Everyone Loves Hadoop, So Cloudera Makes It Easier to Manage
Name a Web company of any size doing anything reasonably complex, and chances are it’s using Hadoop. The open source software makes working with big data sets practical in distributed computing environments. Hadoop is based on concepts developed at Google, and since it’s open source, it’s technically free for anyone who wants to download and install it on their own systems. Plus it has a cheerful yellow elephant for a mascot that looks like something out of an old Warner Bros. cartoon. What’s not to like?

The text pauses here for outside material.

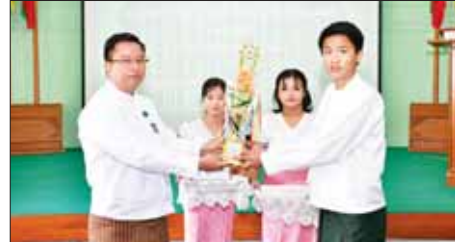
တော် မော်တော်ယာဉ်လုပ်ငန်းပေါင်းစုံ ထိန်းသိမ်းရေးကော်မတီ(အဝေးပြေး)၏ ကွပ်ကဲမှုအောက်ရှိ မော်တော်ယာဉ်အသင်းများမှ ဝန်ထမ်းများနှင့် သားသမီး၊ ကျောင်းသား ကျောင်းသူများအား ပညာသင်ထောက်ပံ့စရိတ်နှင့် ကျောင်းသုံးပစ္စည်းစာအုပ်များကို ထောက်ပံ့ပေးအပ်ခဲ့ကြောင်း သိရသည်။ မျိုးသီဟ(ပြန်/ဆက်)

ဦးဇေယျာလင်းက ကျောင်းသား ကျောင်းသူများအနေဖြင့် မိမိတို့၏ နိုင်ငံဖွံ့ဖြိုးတိုးတက်ရေးအတွက် ပညာခေတ်၏စိန်ခေါ်မှုများကို ရင်ဆိုင် ကျော်လွှားနိုင်ရေးအတွက် ကြိုးပမ်းဆောင်ရွက်ကြရမည်ဖြစ်ကြောင်း ပြောကြားသည်။ ဆက်လက်၍ နေပြည်တော်ယာဉ်လုပ်ငန်းပေါင်းစုံထိန်းသိမ်းရေးကော်မတီ(အဝေးပြေး) ပညာရေး၊ ကျန်းမာရေးနှင့် လူမှုရေးဆိုင်ရာ လုပ်ငန်းကော်မတီဥက္ကဋ္ဌ ဦးမြတ်မိုးက ပညာသင်စရိတ်ထောက်ပံ့မှု အခြေအနေကို ရှင်းလင်းတင်ပြသည်။ ထို့နောက် နေပြည်တော်ကောင်စီအဖွဲ့ဝင်၊ နေပြည်တော်ကုန်းလမ်း သယ်ယူပို့ဆောင်ရေးလုပ်ငန်းများ ကြီးကြပ်ကွပ်ကဲရေးအဖွဲ့ဥက္ကဋ္ဌက တက္ကသိုလ်ဝင်တန်းတွင် ထူးချွန်စွာ အောင်မြင်ခဲ့ကြသည့် ကျောင်းသား ကျောင်းသူများအား ဂုဏ်ပြုဆုတံဆိပ်နှင့် ဆုချီးမြှင့်ငွေများ ပေးအပ်သည်။ (အပေါ်ယာပုံ) ယင်းနောက် နေပြည်တော် မထာ(အဝေးပြေး)ရုံးချုပ်၊ နေပြည်

One company that’s been making a lot of noise around Hadoop is the start-up Cloudera. Backed by $36 million in venture capital investments from Accel Partners, Greylock Partners, Meritech Capital Partners and In-Q-Tel (that’s the CIA’s venture capital arm), Cloudera aims to create a booming business around Hadoop. Companies using Cloudera’s version of Hadoop include eBay, Groupon and AOL.

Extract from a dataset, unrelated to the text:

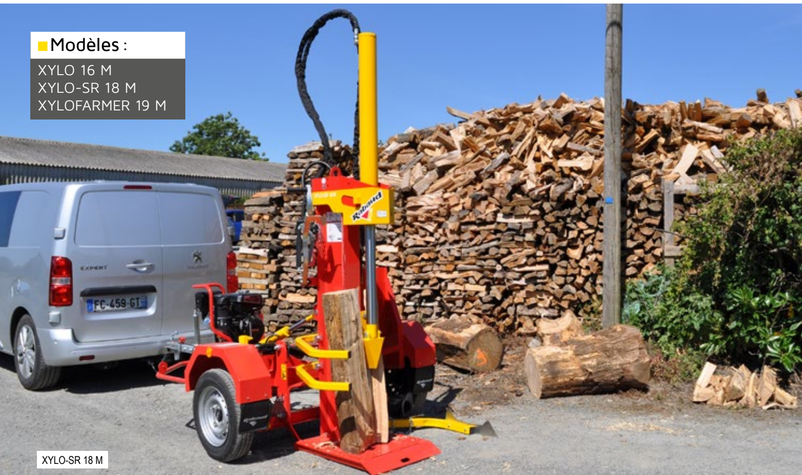
XYLO-SR 18 M

How to build a business around something that’s free? By making what Cloudera says is the best Hadoop distribution around and helping companies run it by offering services and support. I liken it a bit to what Red Hat does with Linux.
Today Cloudera announced another step in that process: Cloudera Enterprise 3.5, available today, is a big update that includes some new automated configuration and monitoring tools and what it is describing as “one click” security for clusters of machines running Hadoop. It’s a subscription service and includes a management suite and production support. Charles Zedlewski, Cloudera’s VP of products, told me that included with the tools is a real-time monitoring dashboard. “We saw there was no performance monitoring in Hadoop like there is in the database world, and we thought that was a shame. So we built this, so now companies can have a real-time view of the performance of their workloads in Hadoop,” he said.
The company is launching Cloudera SCM Express. SCM stands for Service and Configuration Manager, and its point is to make it easy for anyone to install and configure a complete Hadoop stack. “It’s basically a way of automating all the changes you might need to make to the Hadoop stack,” Zedlewski said. “It handles everything — configuration changes, restarts, adding new servers, all the normal operational stuff.” He said that up to now the way to do all those things was to open connect to the machines remotely using SSH and copy files using an arcane command-line interface. “We didn’t think that was any way to live, so we built this.” SCM Express is available for a free download and can be used to operate a Hadoop cluster of up to 50 nodes.
If you’re still having a hard time getting your head around Hadoop, Cloudera has a two-minute video with Doug Cutting, who is basically the founder of the Hadoop project. Before joining Cloudera, Cutting led the Hadoop team at its old home, Yahoo.
Incidentally, Yahoo announced this week that it is spinning off its Hadoop team as a new start-up, with the help of Benchmark Capital. It will be called Hortonworks, named after the elephant in the Dr. Seuss books, naturally.